Cries of “Je Suis Charlie” have turned from a gesture of solidarity into the practice of it: several French media organisations have pledged to lend Charlie Hebdo everything it needs to begin the tortuous process of recovery. The magazine itself is to publish an issue as scheduled – with a vastly increased print run of one million copies. What a rebuttal it would be to see the Charlie Hebdo brand, whatever one may think of it, rise from the floor stronger than it has ever been.

As is to be expected, the remaining staff of the magazine are under close police guard, and wider questions of security in Europe have taken on greater prominence still. The nature of the attack underlines the challenge for intelligence agencies: the terrorists certainly acted in a co-ordinated fashion, better prepared than the Woolwich killers, but neither the weapons used – AK-47s with ammunition from 1986 – nor the target – a “soft” one, in the parlance – bespeak a necessarily high level of organisational sophistication. The less complex the plan, the fewer signals can be detected before its enactment.

A few weeks before, in Nantes and Dijon, “lone wolf” assailants needed no weaponry at all: men simply drove cars into crowds, injuring 23. It is simply impossible to eradicate the risk of such attacks – especially while wars in Syria and Iraq add fuel to the fire of jihadism. The only solace to be found is in the scarcity of lethal violence: European citizens are nearly 2,000 times more likely to die in a traffic accident than as a result of terrorism. The likes of MI5 – which has offered support to its French colleagues – are owed some congratulation for that.

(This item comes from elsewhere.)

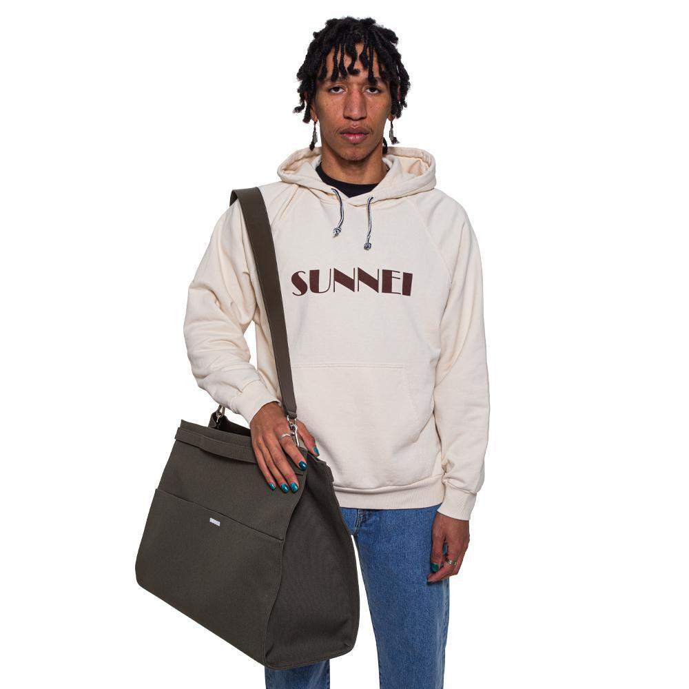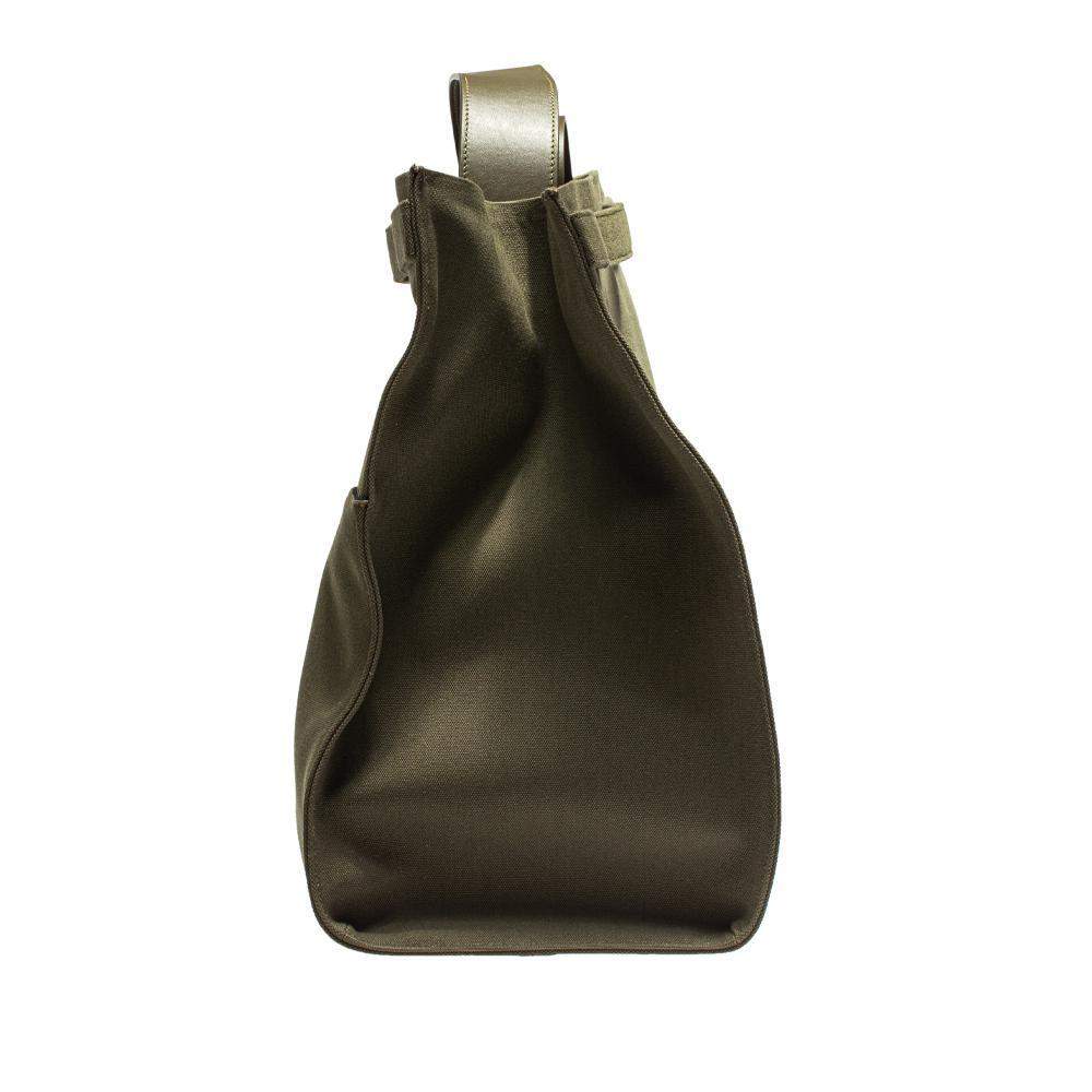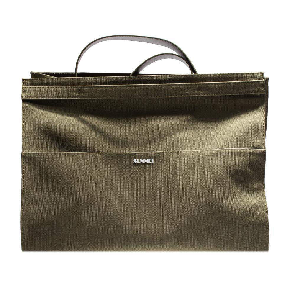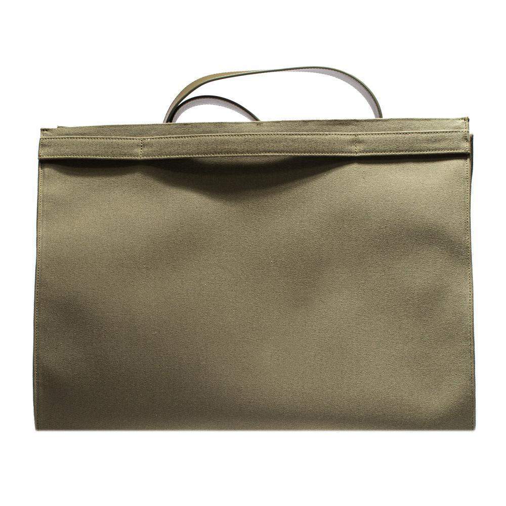 MILITARY GREEN CANVAS BAG WITH DETACHABLE SHOULDER STRAP IN LEATHER AND SHORT HANDLES ON FRONT AND BACK. EXTERNAL PANEL ON THE FRONT MAKING THREE POCKETS. INSIDE LAPTOP COMPARTMENT AND ZIPPERED POCKET. ZIPPERED CLOSURE AND INSIDE LEATHER FINISHING.

Nevertheless, there are those who would respond to this week’s massacre by handing even greater powers to the intelligence agencies, at the price of civil freedoms. The aftermath of a tragedy is never the best time to adopt new policy, especially in the realm of counter-terrorism. The release last year of the Senate report into CIA torture – sanctioned by the highest levels of American government – constitutes a fresh enough warning of that.

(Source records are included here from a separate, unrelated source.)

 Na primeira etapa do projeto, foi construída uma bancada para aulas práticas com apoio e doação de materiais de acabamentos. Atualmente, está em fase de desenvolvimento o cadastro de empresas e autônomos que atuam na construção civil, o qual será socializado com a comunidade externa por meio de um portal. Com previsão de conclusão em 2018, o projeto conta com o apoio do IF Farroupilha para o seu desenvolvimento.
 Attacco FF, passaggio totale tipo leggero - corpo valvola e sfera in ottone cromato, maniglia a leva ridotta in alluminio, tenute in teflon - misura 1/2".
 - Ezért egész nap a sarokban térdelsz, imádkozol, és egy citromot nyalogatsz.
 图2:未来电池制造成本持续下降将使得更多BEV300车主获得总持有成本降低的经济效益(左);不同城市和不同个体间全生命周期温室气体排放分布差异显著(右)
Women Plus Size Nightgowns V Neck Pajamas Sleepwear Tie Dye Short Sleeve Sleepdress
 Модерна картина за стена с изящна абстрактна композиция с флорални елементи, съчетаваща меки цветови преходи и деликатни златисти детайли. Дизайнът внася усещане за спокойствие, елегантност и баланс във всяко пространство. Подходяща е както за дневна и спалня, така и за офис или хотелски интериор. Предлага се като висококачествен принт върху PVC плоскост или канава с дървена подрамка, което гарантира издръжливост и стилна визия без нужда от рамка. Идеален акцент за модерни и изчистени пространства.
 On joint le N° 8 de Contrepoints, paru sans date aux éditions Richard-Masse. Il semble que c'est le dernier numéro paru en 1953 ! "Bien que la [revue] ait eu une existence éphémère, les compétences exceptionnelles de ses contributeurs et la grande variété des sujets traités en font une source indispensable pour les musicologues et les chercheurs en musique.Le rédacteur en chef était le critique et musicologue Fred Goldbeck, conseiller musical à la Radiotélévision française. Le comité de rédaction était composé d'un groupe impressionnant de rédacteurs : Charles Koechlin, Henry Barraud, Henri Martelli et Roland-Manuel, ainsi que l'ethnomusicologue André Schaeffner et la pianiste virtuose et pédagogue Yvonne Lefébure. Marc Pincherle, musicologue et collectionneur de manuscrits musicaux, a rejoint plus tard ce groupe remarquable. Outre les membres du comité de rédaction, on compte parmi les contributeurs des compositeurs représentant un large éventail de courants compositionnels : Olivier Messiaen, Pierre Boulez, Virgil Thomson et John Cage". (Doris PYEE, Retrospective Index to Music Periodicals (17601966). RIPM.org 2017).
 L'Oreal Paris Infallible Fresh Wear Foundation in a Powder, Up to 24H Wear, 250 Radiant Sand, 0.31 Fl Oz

In practice, France already has one of the weightier security apparatuses in Western Europe: including ID cards, extensive surveillance and new powers, passed in October, to disrupt and target potential terrorists. None of this was enough. More of it is unlikely to stop such a conclusion being reached again.

Meanwhile, in the supposed defence of a free and liberal society, politicians in the United Kingdom will seek once more to drive through Bills that would undermine such cherished values. Moves in this direction – such as the Conservatives’ proposed Snooper’s Charter – are to be firmly resisted. Simply, to reach for such legislation is to let fear win. It grasps at the illusion of safety but is certain only to erode every British citizen’s right to privacy; to use the internet, or a mobile phone, without the sensation that GCHQ is breathing down the back of our neck.

And though we may all be equal before the law, we are not before the eye of the intelligence agencies. For Muslim parents, the Home Office’s recent proposal to require nursery staff to report on “children at risk of being drawn into terrorism” feels like a measure targeted exclusively at their sons and daughters. Division and suspicion will result. The security services may well have to update their tactics in response to the Paris atrocity. But precision must be the watchword. The safest society is one where no demographic feels that deviance is assumed of it.